Records supplied:
*** Begin section ***
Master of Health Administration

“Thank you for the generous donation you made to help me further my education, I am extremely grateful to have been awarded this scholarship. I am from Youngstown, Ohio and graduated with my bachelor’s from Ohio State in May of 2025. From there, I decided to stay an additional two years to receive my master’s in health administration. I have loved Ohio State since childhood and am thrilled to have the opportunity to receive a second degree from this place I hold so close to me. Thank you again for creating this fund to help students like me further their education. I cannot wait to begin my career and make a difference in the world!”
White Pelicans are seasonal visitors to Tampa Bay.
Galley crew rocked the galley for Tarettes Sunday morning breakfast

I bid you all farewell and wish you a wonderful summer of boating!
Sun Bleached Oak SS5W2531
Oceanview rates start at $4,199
*** End section ***
*** Begin section ***
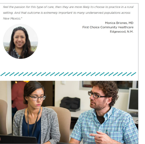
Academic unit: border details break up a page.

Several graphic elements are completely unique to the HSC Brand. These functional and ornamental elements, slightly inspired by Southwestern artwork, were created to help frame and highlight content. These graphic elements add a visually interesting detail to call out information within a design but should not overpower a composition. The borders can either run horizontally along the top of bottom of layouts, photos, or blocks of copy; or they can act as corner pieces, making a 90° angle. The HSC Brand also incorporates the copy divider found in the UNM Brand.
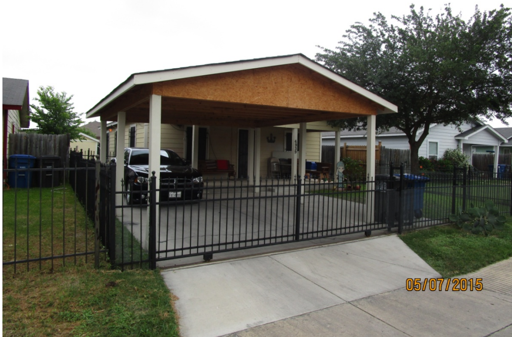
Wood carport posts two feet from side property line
*** End section ***
Please output the lines of the listing above that fall in the stretch from the one with "I bid you all" through the one with "Oceanview rates start at $4,199", exactly and only those.

Solution:
I bid you all farewell and wish you a wonderful summer of boating!
Sun Bleached Oak SS5W2531
Oceanview rates start at $4,199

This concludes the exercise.